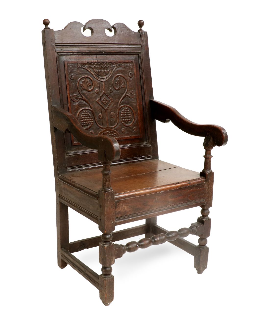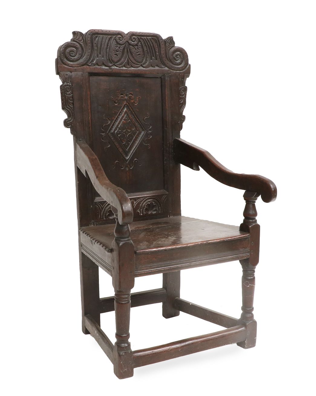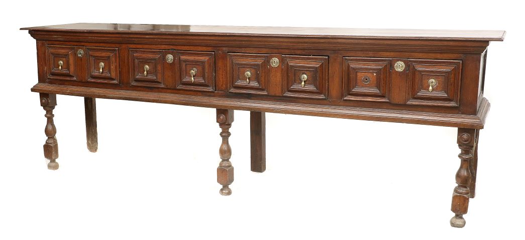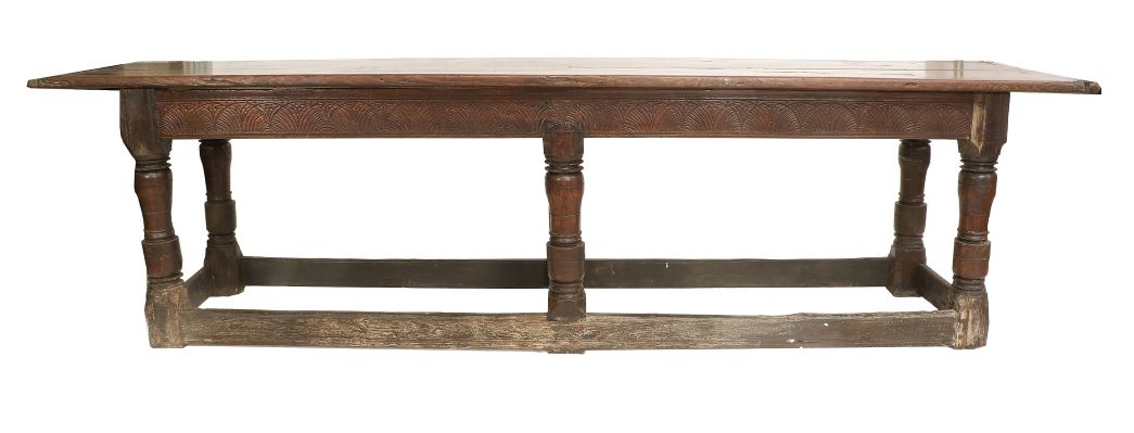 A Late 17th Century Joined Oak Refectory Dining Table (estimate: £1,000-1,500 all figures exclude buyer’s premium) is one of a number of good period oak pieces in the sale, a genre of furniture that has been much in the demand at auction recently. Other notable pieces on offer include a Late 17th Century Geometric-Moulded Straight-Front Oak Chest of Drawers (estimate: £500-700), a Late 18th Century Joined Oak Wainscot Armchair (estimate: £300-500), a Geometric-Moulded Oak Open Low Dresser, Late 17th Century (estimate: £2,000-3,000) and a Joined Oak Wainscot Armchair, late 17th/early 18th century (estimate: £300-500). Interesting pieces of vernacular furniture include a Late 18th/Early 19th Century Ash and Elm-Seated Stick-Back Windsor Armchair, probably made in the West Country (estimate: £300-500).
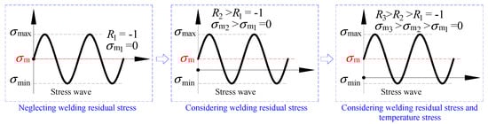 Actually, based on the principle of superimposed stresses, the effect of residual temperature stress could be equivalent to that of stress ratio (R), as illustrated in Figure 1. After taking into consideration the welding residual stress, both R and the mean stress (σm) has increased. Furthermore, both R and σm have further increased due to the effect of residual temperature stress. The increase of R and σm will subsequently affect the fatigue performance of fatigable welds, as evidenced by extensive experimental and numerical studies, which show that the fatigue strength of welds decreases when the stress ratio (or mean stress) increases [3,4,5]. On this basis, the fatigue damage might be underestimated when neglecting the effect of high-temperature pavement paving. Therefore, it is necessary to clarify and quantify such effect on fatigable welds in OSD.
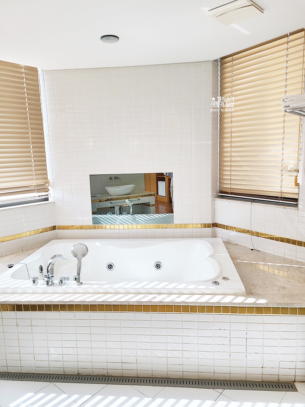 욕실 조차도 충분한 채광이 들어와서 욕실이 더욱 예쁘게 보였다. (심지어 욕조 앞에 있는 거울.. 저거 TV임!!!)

────────────────────

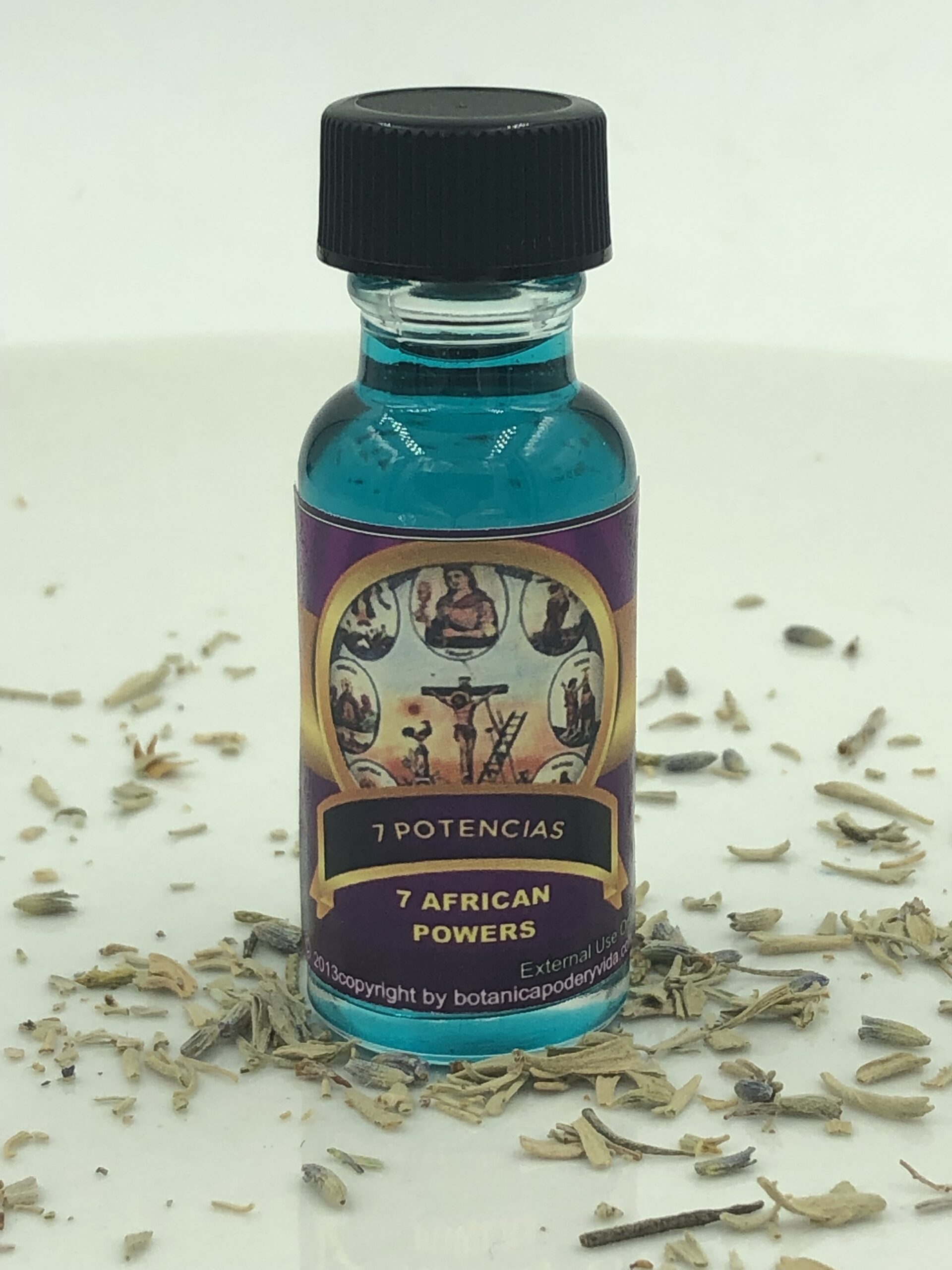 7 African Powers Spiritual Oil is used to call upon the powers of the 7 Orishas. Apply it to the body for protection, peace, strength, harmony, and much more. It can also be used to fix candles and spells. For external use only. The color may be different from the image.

────────────────────

Exercise aim:
In the material above, which lines fall between the one holding "A Late 17th Century Joined" and the one holding "욕실 조차도 충분한 채광이", inclusive? Print exactly those, with the pictures left out.

Expected answer:
 A Late 17th Century Joined Oak Refectory Dining Table (estimate: £1,000-1,500 all figures exclude buyer’s premium) is one of a number of good period oak pieces in the sale, a genre of furniture that has been much in the demand at auction recently. Other notable pieces on offer include a Late 17th Century Geometric-Moulded Straight-Front Oak Chest of Drawers (estimate: £500-700), a Late 18th Century Joined Oak Wainscot Armchair (estimate: £300-500), a Geometric-Moulded Oak Open Low Dresser, Late 17th Century (estimate: £2,000-3,000) and a Joined Oak Wainscot Armchair, late 17th/early 18th century (estimate: £300-500). Interesting pieces of vernacular furniture include a Late 18th/Early 19th Century Ash and Elm-Seated Stick-Back Windsor Armchair, probably made in the West Country (estimate: £300-500).
 Actually, based on the principle of superimposed stresses, the effect of residual temperature stress could be equivalent to that of stress ratio (R), as illustrated in Figure 1. After taking into consideration the welding residual stress, both R and the mean stress (σm) has increased. Furthermore, both R and σm have further increased due to the effect of residual temperature stress. The increase of R and σm will subsequently affect the fatigue performance of fatigable welds, as evidenced by extensive experimental and numerical studies, which show that the fatigue strength of welds decreases when the stress ratio (or mean stress) increases [3,4,5]. On this basis, the fatigue damage might be underestimated when neglecting the effect of high-temperature pavement paving. Therefore, it is necessary to clarify and quantify such effect on fatigable welds in OSD.
 욕실 조차도 충분한 채광이 들어와서 욕실이 더욱 예쁘게 보였다. (심지어 욕조 앞에 있는 거울.. 저거 TV임!!!)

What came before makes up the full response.